#### Aim of the exercise:
Restate the listing below word for word. No picture belongs in the result.

#### Dataset content:
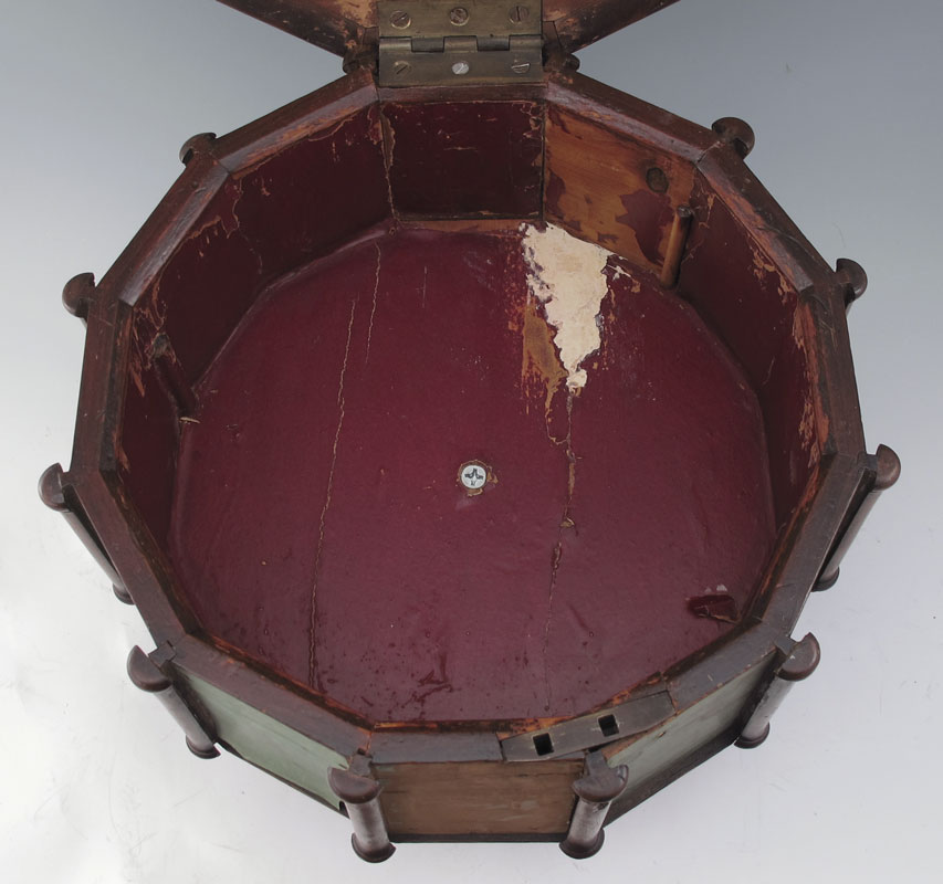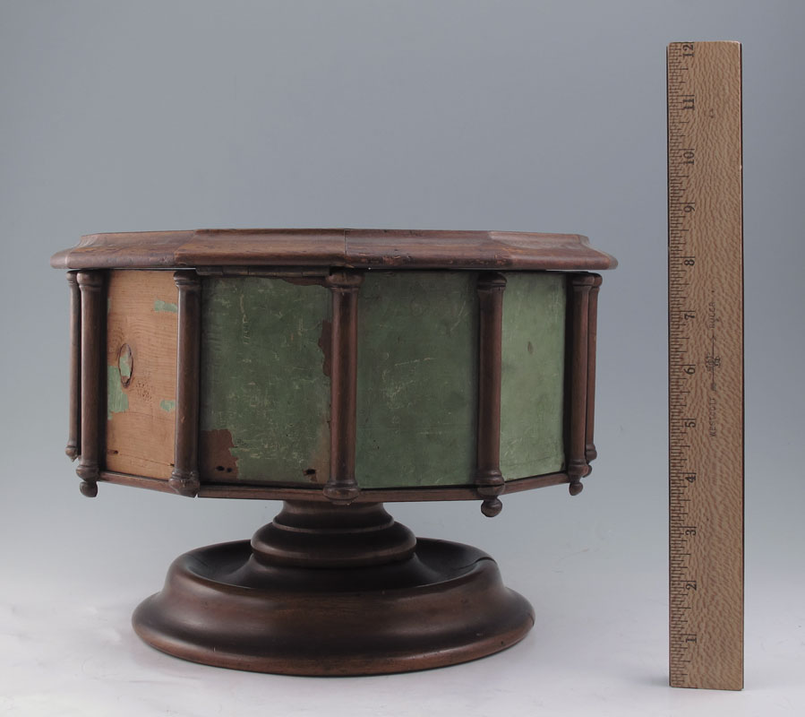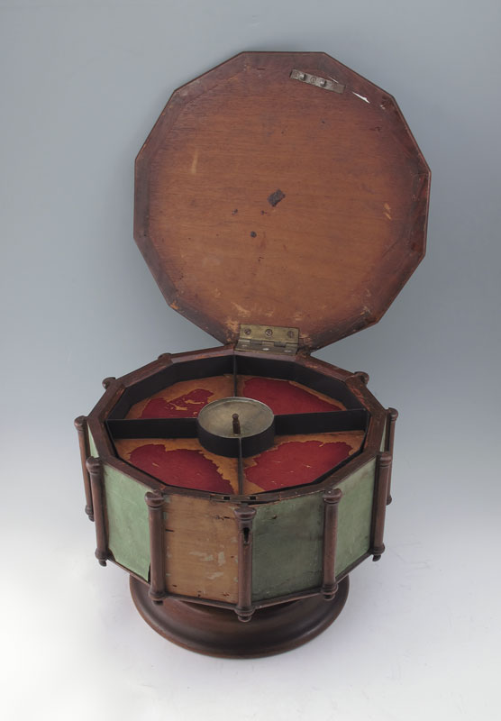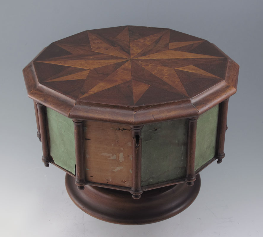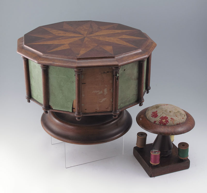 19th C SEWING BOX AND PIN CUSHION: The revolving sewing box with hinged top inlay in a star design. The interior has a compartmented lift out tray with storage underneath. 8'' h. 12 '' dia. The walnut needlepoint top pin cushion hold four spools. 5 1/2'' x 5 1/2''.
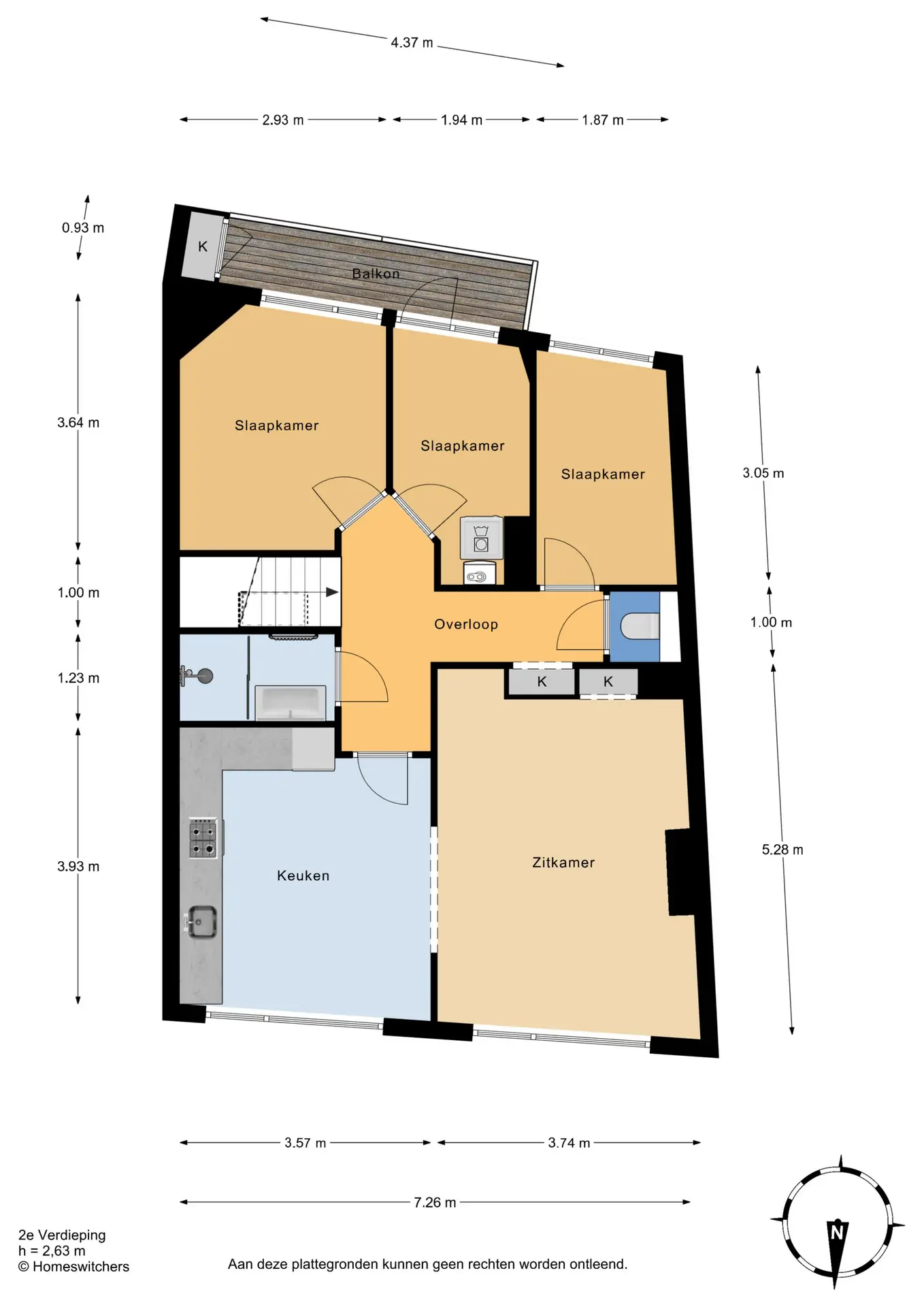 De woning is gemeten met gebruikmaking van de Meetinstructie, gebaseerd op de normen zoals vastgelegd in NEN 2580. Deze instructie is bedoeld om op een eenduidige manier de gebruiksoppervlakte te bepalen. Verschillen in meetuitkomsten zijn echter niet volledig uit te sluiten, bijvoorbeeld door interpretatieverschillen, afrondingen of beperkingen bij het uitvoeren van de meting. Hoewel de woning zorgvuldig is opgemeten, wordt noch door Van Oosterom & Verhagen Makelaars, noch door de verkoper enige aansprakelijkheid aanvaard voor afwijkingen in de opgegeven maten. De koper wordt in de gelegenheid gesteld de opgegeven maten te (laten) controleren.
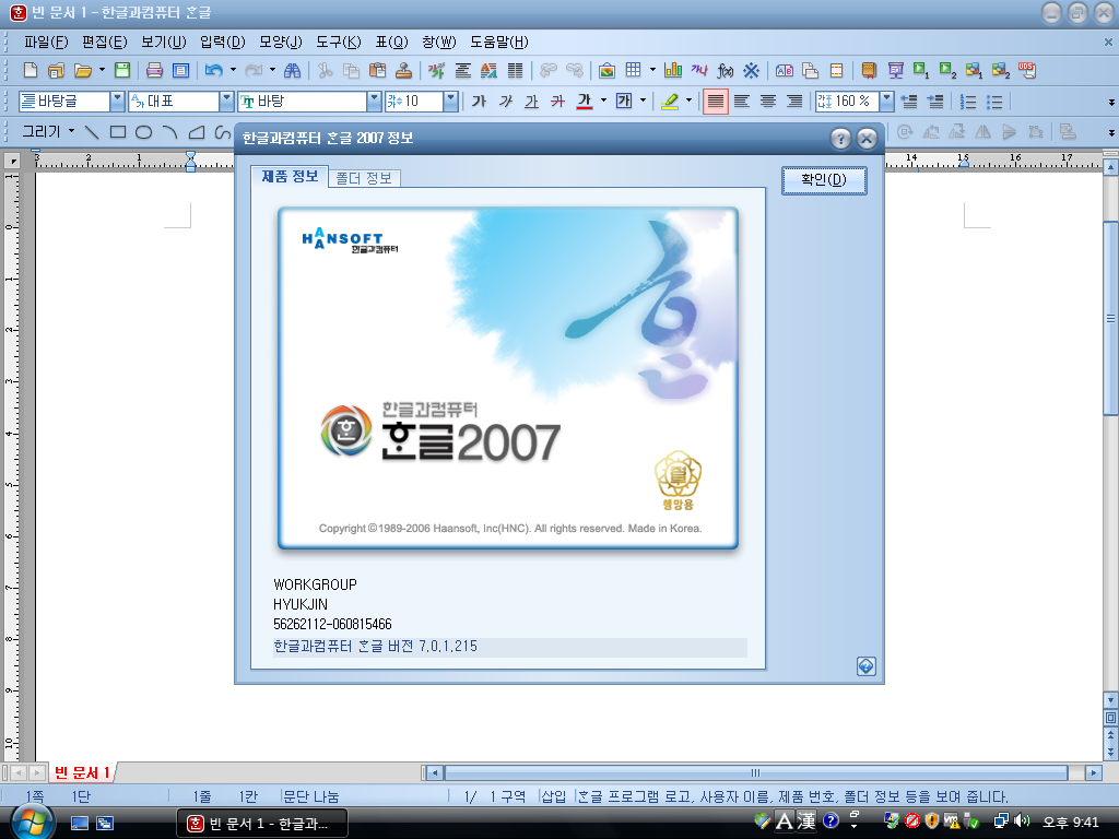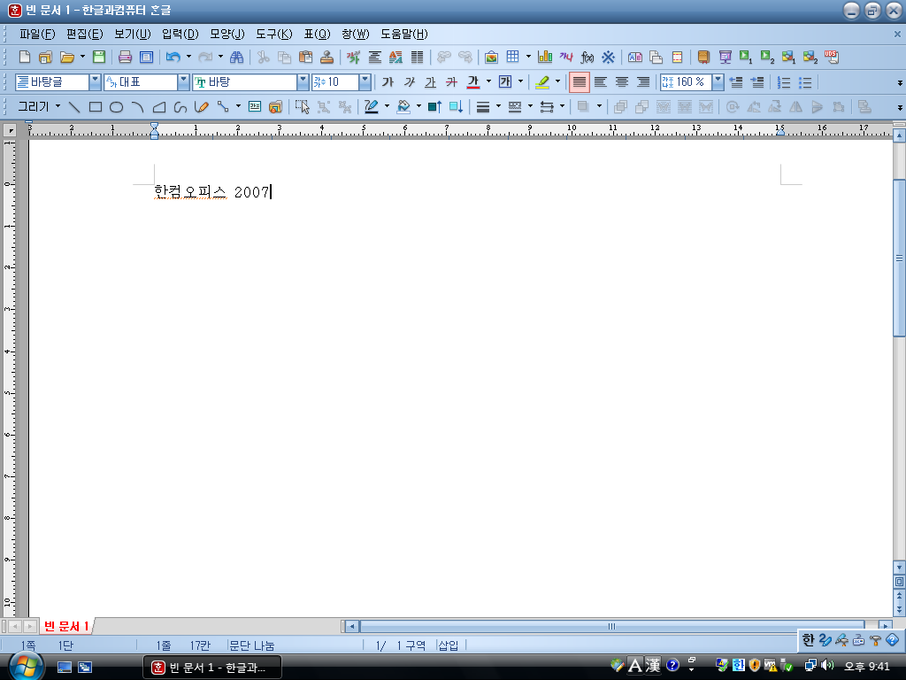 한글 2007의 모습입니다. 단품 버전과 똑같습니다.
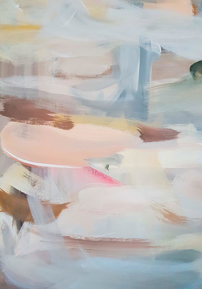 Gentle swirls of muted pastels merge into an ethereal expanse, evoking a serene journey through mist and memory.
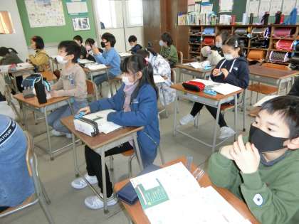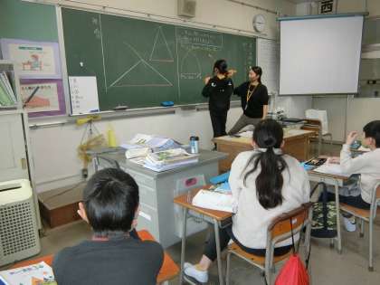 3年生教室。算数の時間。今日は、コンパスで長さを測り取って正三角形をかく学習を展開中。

#### Response box:
 19th C SEWING BOX AND PIN CUSHION: The revolving sewing box with hinged top inlay in a star design. The interior has a compartmented lift out tray with storage underneath. 8'' h. 12 '' dia. The walnut needlepoint top pin cushion hold four spools. 5 1/2'' x 5 1/2''.
 De woning is gemeten met gebruikmaking van de Meetinstructie, gebaseerd op de normen zoals vastgelegd in NEN 2580. Deze instructie is bedoeld om op een eenduidige manier de gebruiksoppervlakte te bepalen. Verschillen in meetuitkomsten zijn echter niet volledig uit te sluiten, bijvoorbeeld door interpretatieverschillen, afrondingen of beperkingen bij het uitvoeren van de meting. Hoewel de woning zorgvuldig is opgemeten, wordt noch door Van Oosterom & Verhagen Makelaars, noch door de verkoper enige aansprakelijkheid aanvaard voor afwijkingen in de opgegeven maten. De koper wordt in de gelegenheid gesteld de opgegeven maten te (laten) controleren.
 한글 2007의 모습입니다. 단품 버전과 똑같습니다.
 Gentle swirls of muted pastels merge into an ethereal expanse, evoking a serene journey through mist and memory.
 3年生教室。算数の時間。今日は、コンパスで長さを測り取って正三角形をかく学習を展開中。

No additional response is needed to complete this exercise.